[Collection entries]
* * * * * * *

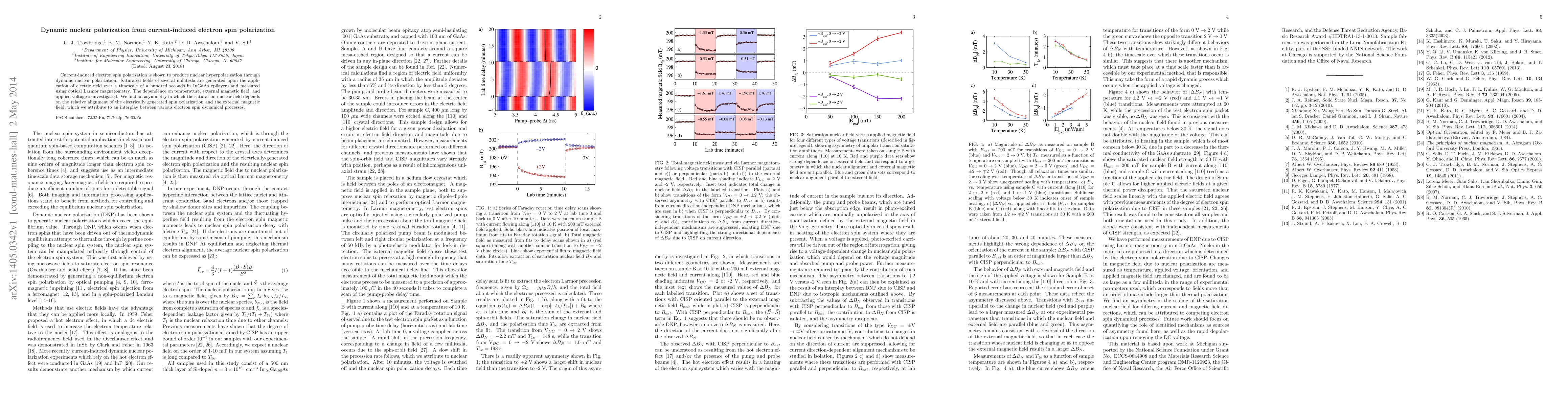 This paper demonstrates that current-induced electron spin polarization can lead to nuclear hyperpolarization via dynamic nuclear polarization in InGaAs epilayers, generating saturated fields of several millitesla. The study investigates the effects of temperature, external magnetic field, and applied voltage, revealing an asymmetry in the saturation nuclear field dependent on the alignment of spin polarization and magnetic field.
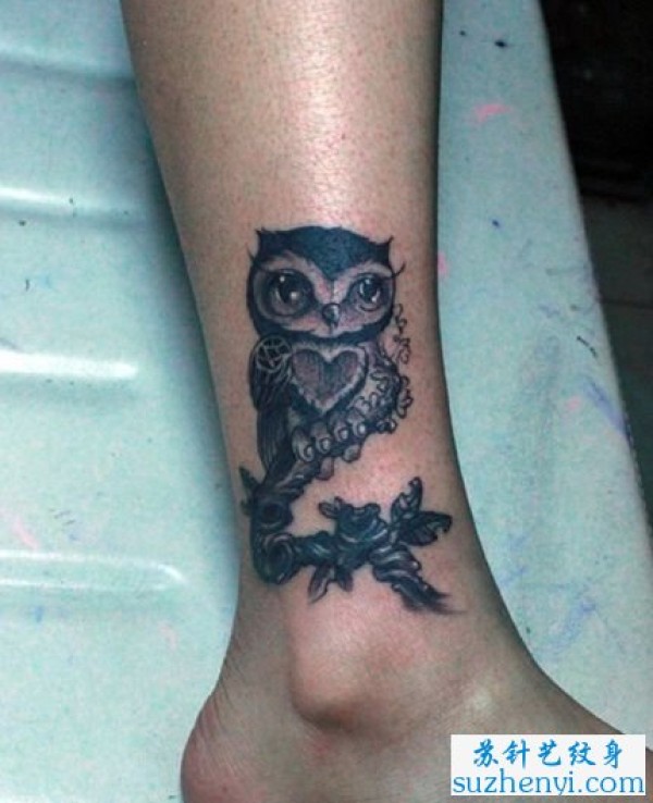 腿部猫头鹰纹身_腿部纹身图案大全_纹身图吧
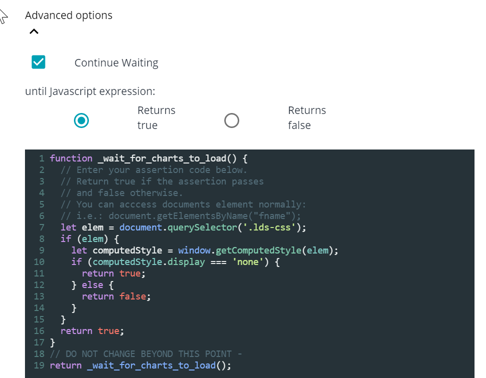 This feature will wait for a target element to either disappear (or appear) before proceeding playback. In a customer's use case, they were targeting an element within a modal with querySelector'#openModal' before clicking "Buy Online". (This was a modal that popped up to generate a coupon). Their validation was attached to the step before they clicked "Buy Online" so the validation would apply before they clicked "Buy Online". The coupon would be applied. (Without this javascript the script would continue before the coupon was generated.)
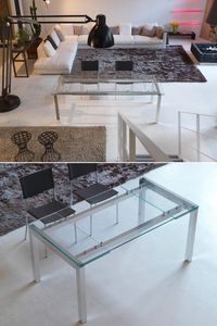 Table fixe ou extensible, avec dessus en verre
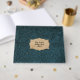 This whimsical guest book features an image of teal blue tooled leather. Note that the leather image is printed on the guest book--it is not actual leather. Perfect for rustic, country, or cowboy weddings.
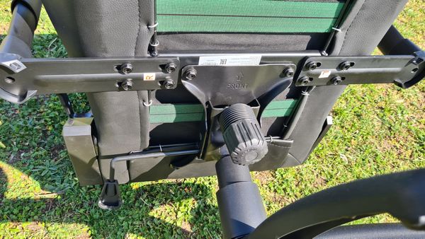 Phía dưới chân ghế còn có cơ cấu điều chỉnh độ nghiêng của ghế để bạn có thể ngả lưng. Không có cơ chế đồng bộ, nhưng hệ thống treo có thể điều chỉnh của chức năng nghiêng rất tốt, bởi vì nó có thể được điều chỉnh cực kỳ mạnh mẽ, do đó, ngay cả những người cồng kềnh cũng không thể ngả người ra sau nếu ghế không được cố định.
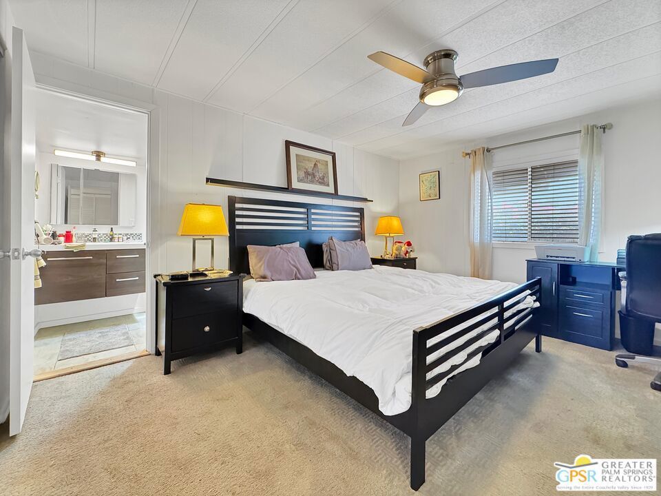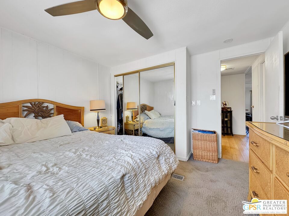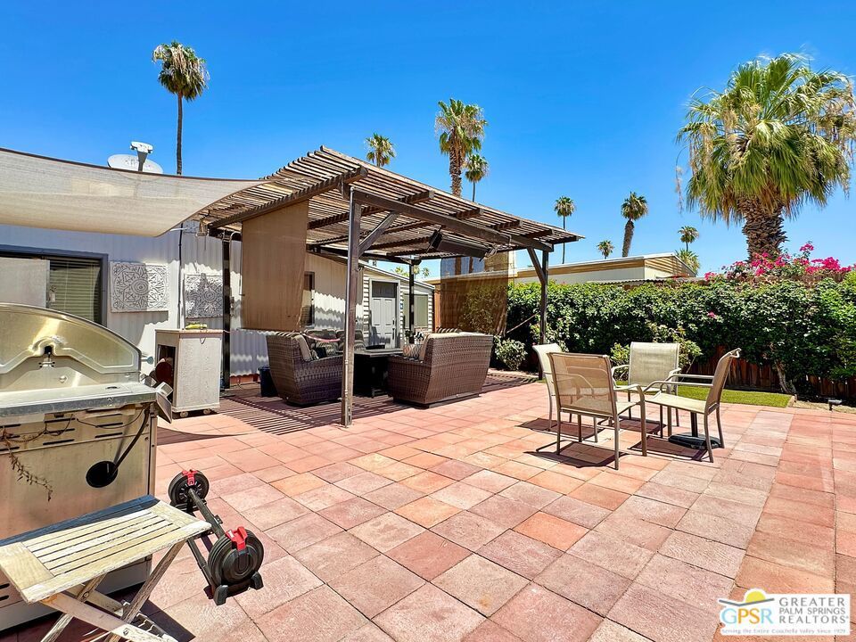Discover this beautifully maintained 2 bed, 2 bath and move-in ready 1,152 sq. ft. mobile home nestled in the highly desirable Palmdale Estates 55+ community in Indio, CA. Perfectly upgraded and thoughtfully designed, this charming residence offers a seamless blend of comfort, modern updates, and effortless style ideal for full-time living, a vacation retreat, or investment. Recent upgrades include a new A/C system installed last year, an updated water heater approximately 1.5 years ago, and completely renovated plumbing throughout the home. The beautiful laminate flooring adds a sleek, durable, low-maintenance touch, complemented by a renovated bathroom with a contemporary look. Inside, you'll find a bright, open floor plan with spacious living areas perfect for relaxing or entertaining. The well-appointed kitchen features modern appliances and ample counter space, making meal prep enjoyable. The primary bedroom offers a tranquil retreat with generous closet space and a private en-suite bath, while the guest bedroom is versatile ideal for visitors, a home office, or hobbies. Outside, the backyard is a true highlight ready for entertaining or unwinding under the stunning desert skies. Low-maintenance landscaping makes outdoor living effortless, and the generous outdoor space is perfect for dining al fresco, hosting gatherings, or enjoying peaceful evenings. This home provides easy access to local amenities, shopping, dining, and world-famous events like the Coachella Valley Music and Arts Festival. Whether you're seeking a comfortable full-time residence or a relaxing vacation getaway, this property truly checks all the boxes. Don't miss your chance to own this exceptional, updated home in Palmdale Estates schedule your private showing today and experience everything this fantastic property has to offer!
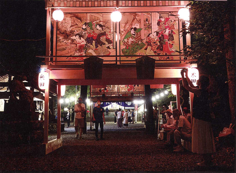 南国土佐(高知県)の沿岸部では今も夏祭りに芝居絵屏風を飾る独特な祭礼が行われている。歌舞伎の名場面などを描いた浮世絵屏風である。神社の参道や境内に巨大な台(地域によって台提灯、絵馬台、花台など呼び名が異なる)を作り、そこに何点もの屏風を嵌め込んで飾る。台といっても武骨な木枠ではなく繊細かつ豪華な神棚のような作りだ。参拝者が下を潜ることができる大きな門のような台もある。それ以外にも芝居絵屏風を所蔵している氏子などが家の前に屏風を飾ったりする。
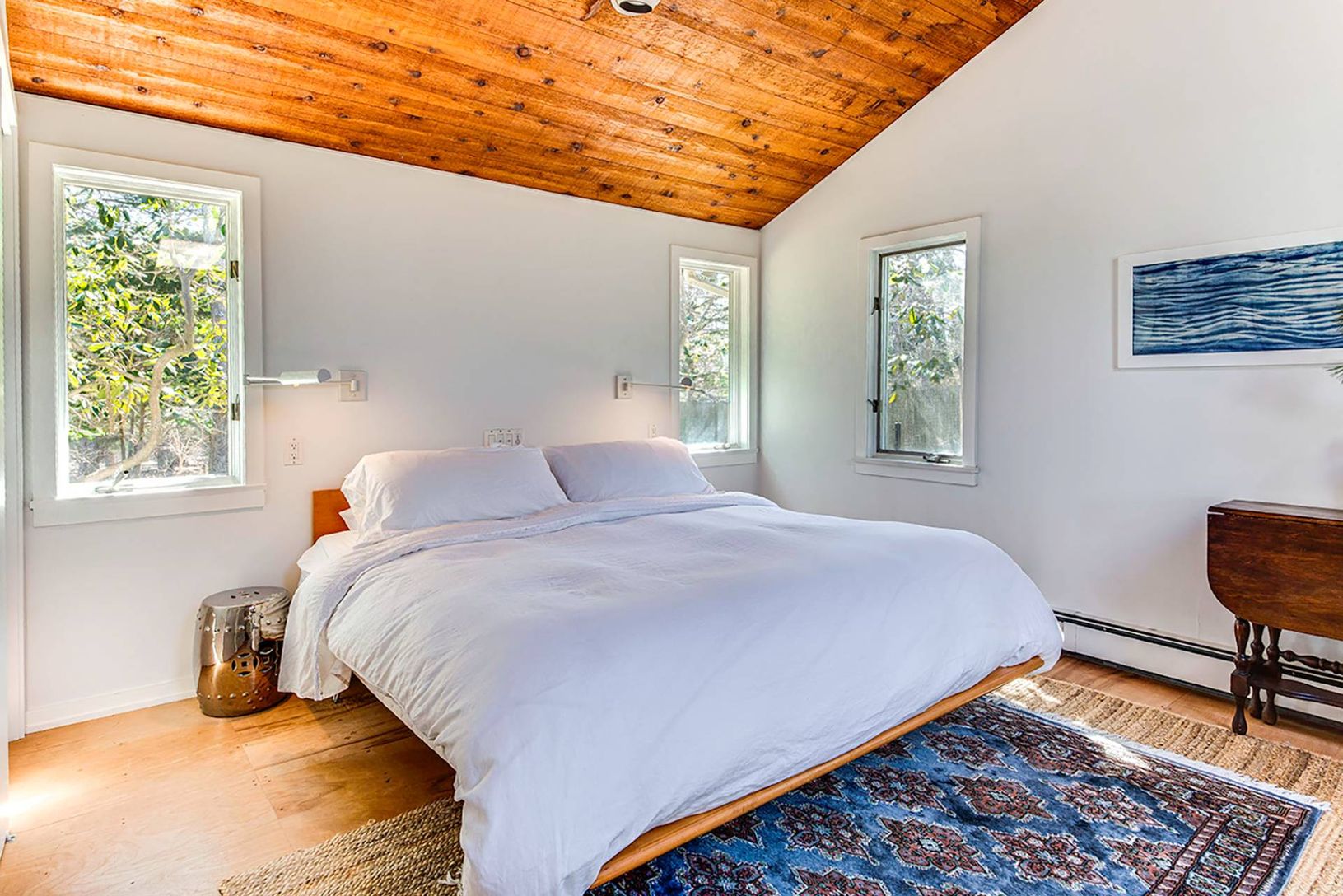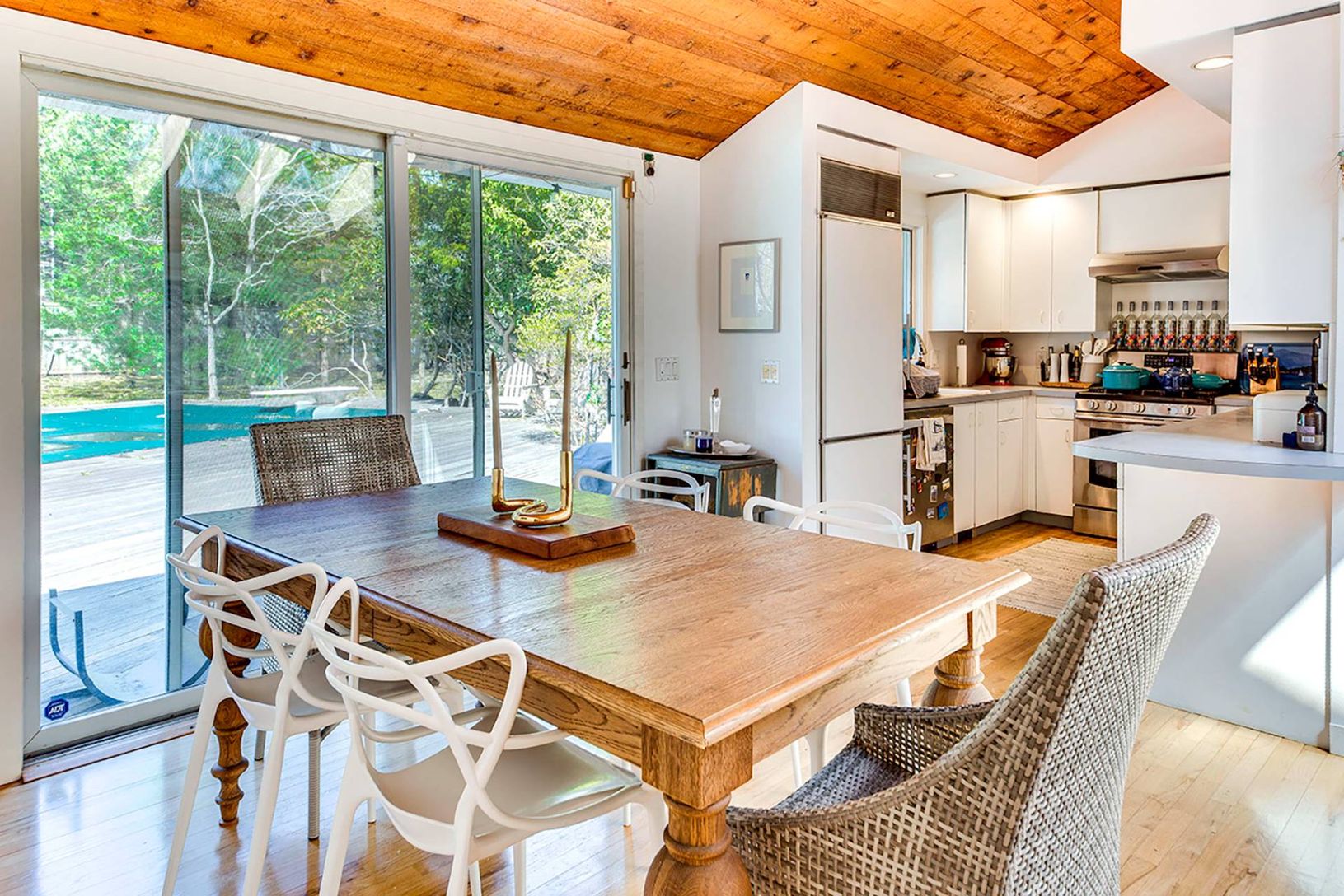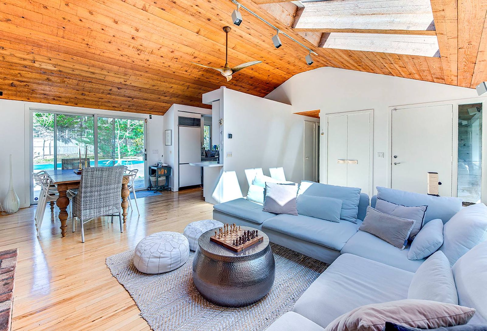 The perfect beach house retreat awaits, just a block from East Hampton's beloved Sammy's Beach. On a private road, away from the hustle and bustle, this home offers privacy in a serene setting. Enter to a light-filled open floor plan living room with skylights. The dining area and kitchen open to a large outdoor deck with inviting pool, perfect for summer entertainment. The main level features three bedrooms, including a spacious en-suite pri

* * * * * * *

Goal of the exercise = Please transcribe, word for word, every line from the first line of the records above through the line containing "Table fixe ou", and leave out any pictures.

Answer box =
 This paper demonstrates that current-induced electron spin polarization can lead to nuclear hyperpolarization via dynamic nuclear polarization in InGaAs epilayers, generating saturated fields of several millitesla. The study investigates the effects of temperature, external magnetic field, and applied voltage, revealing an asymmetry in the saturation nuclear field dependent on the alignment of spin polarization and magnetic field.
 腿部猫头鹰纹身_腿部纹身图案大全_纹身图吧
 This feature will wait for a target element to either disappear (or appear) before proceeding playback. In a customer's use case, they were targeting an element within a modal with querySelector'#openModal' before clicking "Buy Online". (This was a modal that popped up to generate a coupon). Their validation was attached to the step before they clicked "Buy Online" so the validation would apply before they clicked "Buy Online". The coupon would be applied. (Without this javascript the script would continue before the coupon was generated.)
 Table fixe ou extensible, avec dessus en verre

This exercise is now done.